Once, my grandmother fell into the pond. My mother, her friend Ellii, and I had to haul her out before a big mouth bass could bite. We got her onto a log in the sun. I tried to dry her wings, but she shook, and we got tangled together.

“Hold still, Frumpeter,” my mother snapped. I leapt up and flew above them to get out of the way, watched as my mother caressed my grandmother’s wet face, heard her whisper everything was going to be okay.

The water levels are decreasing. My mother’s friends say it is just the time of the year, that the sun is hot and the water is evaporating. It’s temporary and won’t be like this forever. They say that the oil in the water, the slick weight of it, is runoff from a boat here once and now gone. Everything is fine, they say.

My mother says nothing. She is as big as a tree trunk and small as mosquito larva. Death, birth, decimation: I see it in her trembling claws.

It won’t be such a bad thing to die. One day the sun is shining on you and the next it’s not. One day you have a mosquito in your claws and the next, the next you are still and unmoving. I think I’d rather die on a blade of grass than be eaten by a bird. But no one lets you make that decision. It’s bigger than me.

Trumpeter once told me the world is bigger than all of us. That god is a great spider in the sky that laces their webs together, encircles the moon and pulls it to us at night, the sun in the morning. I asked her why god wasn’t a dragonfly, and she looked surprised.
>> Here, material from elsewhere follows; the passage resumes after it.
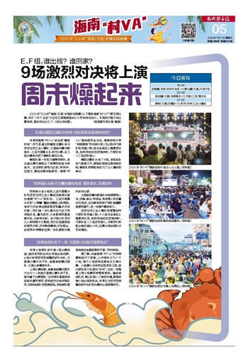 2025年“九九杯”海南(文昌)乡镇排球联赛(以下简称海南“村VA”)第五周比赛,将于7月11日至13日在文昌铺前镇中心小学排球场进行。本周将开展9场比赛角逐,届时将决出E、F二组出线名额。(南国都市报记者 潘頔)东道主铺前古镇队的考验:轻松取胜还是绝地反转?
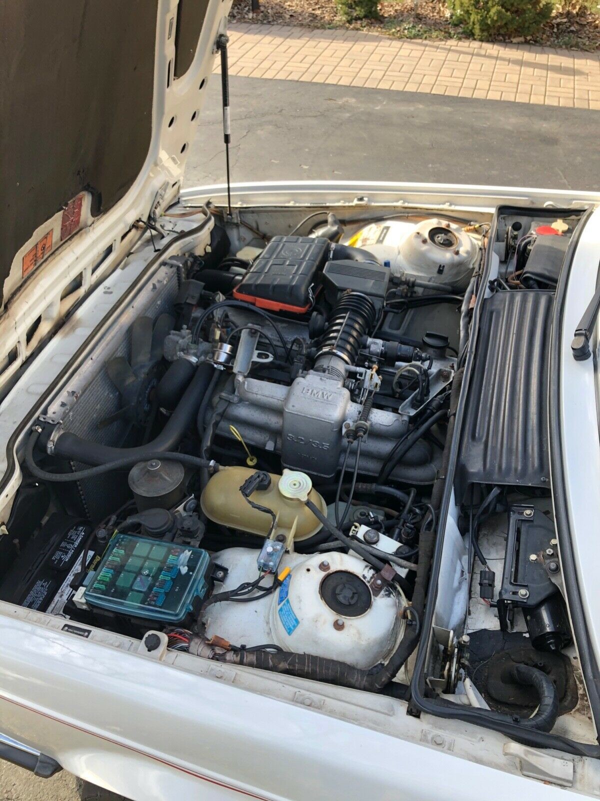 The interior features standard issue seats in a great color, and it looks to be incredibly well preserved. This, to my mind, is the preferred shade of red you want to find in an E24, as the other color – known as Cherry – is a bit in-your-face by comparison. The backseat is in similar condition, and contrasting black carpets show no apparent issues. The 6-Series also has the preferred three-spoke sport steering wheel, and listing photos show an uncracked dash and clean carpets in the trunk. No other major modifications are noted inside the car, but it’s worth noting the 6-Series does ride on aftermarket wheels that are clearly larger than stock.

“God is not us. God is themself. Separate, troubling themselves with the movement of the sun and the moon and the weight of the water.” She told me god spins an invisible web each night and arranges the stars on the gossamer. “God doesn’t hate you or love you. God is. You are. That is enough.”

We are all dying. I want nothing more than to be here, preening in the sun like a chitinous cat, studying the face of my grandmother.


Bio

Andi Brown is a trans writer and artist. His most recent publications include a stories for Witness Magazine, Beyond Queer Words, and Months to Years Literary Magazine. You can read more of his work here.

Author's note

My grandmother and I were born on the same day, sixty-seven years apart. She had a stroke a few years later, but even with her aphasia and physical challenges, we were still close. I’ve wanted to write a story about her for years, but the subject felt too tender. Writing our lives as the tale of a dragonfly grandmother and granddaughter helped me describe our love for one another. I was thrilled to find Carmina Magazine and read the work of other authors exploring modern myth and fairytales and grateful to have a home for "Trumpeter and Frumpeter".